Without the pictures, set down everything in the listing exactly.

» Input data:
════════
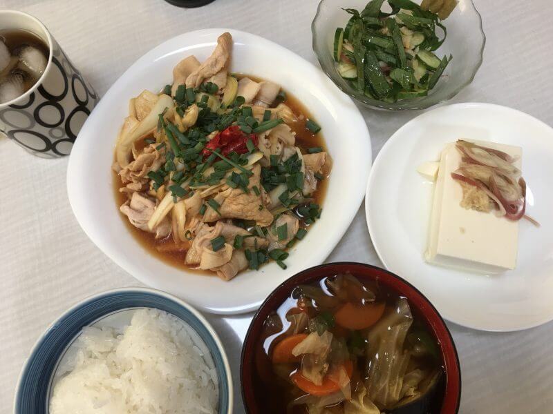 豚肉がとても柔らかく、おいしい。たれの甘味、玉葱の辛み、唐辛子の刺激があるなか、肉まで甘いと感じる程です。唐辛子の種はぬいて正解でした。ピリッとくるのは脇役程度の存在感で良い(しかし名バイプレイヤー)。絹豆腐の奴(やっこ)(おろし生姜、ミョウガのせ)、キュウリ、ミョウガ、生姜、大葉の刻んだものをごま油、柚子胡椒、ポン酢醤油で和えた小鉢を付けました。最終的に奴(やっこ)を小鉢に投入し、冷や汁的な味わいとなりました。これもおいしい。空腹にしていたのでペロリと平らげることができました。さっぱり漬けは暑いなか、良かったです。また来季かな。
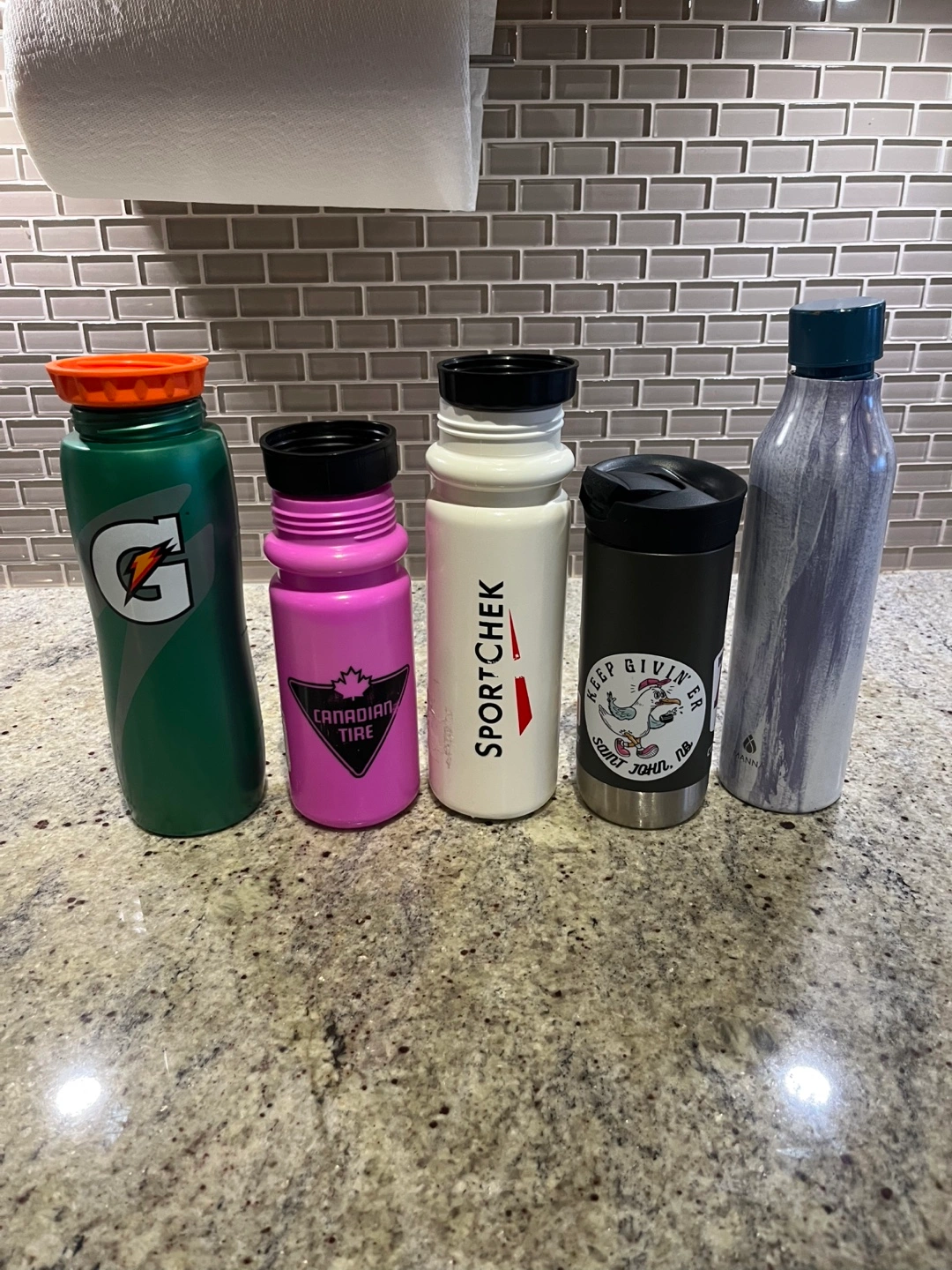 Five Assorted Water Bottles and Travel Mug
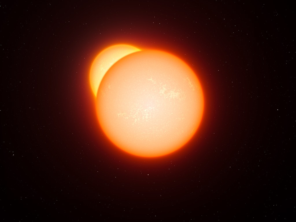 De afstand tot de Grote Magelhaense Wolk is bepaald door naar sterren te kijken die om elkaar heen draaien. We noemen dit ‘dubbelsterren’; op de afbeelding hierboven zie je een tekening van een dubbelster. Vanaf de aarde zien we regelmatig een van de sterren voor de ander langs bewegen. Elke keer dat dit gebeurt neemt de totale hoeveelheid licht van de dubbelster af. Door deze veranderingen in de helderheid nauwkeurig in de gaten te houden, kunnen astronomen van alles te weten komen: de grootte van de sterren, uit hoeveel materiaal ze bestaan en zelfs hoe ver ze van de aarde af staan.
════════
» Response to this exercise:
 豚肉がとても柔らかく、おいしい。たれの甘味、玉葱の辛み、唐辛子の刺激があるなか、肉まで甘いと感じる程です。唐辛子の種はぬいて正解でした。ピリッとくるのは脇役程度の存在感で良い(しかし名バイプレイヤー)。絹豆腐の奴(やっこ)(おろし生姜、ミョウガのせ)、キュウリ、ミョウガ、生姜、大葉の刻んだものをごま油、柚子胡椒、ポン酢醤油で和えた小鉢を付けました。最終的に奴(やっこ)を小鉢に投入し、冷や汁的な味わいとなりました。これもおいしい。空腹にしていたのでペロリと平らげることができました。さっぱり漬けは暑いなか、良かったです。また来季かな。
 Five Assorted Water Bottles and Travel Mug
 De afstand tot de Grote Magelhaense Wolk is bepaald door naar sterren te kijken die om elkaar heen draaien. We noemen dit ‘dubbelsterren’; op de afbeelding hierboven zie je een tekening van een dubbelster. Vanaf de aarde zien we regelmatig een van de sterren voor de ander langs bewegen. Elke keer dat dit gebeurt neemt de totale hoeveelheid licht van de dubbelster af. Door deze veranderingen in de helderheid nauwkeurig in de gaten te houden, kunnen astronomen van alles te weten komen: de grootte van de sterren, uit hoeveel materiaal ze bestaan en zelfs hoe ver ze van de aarde af staan.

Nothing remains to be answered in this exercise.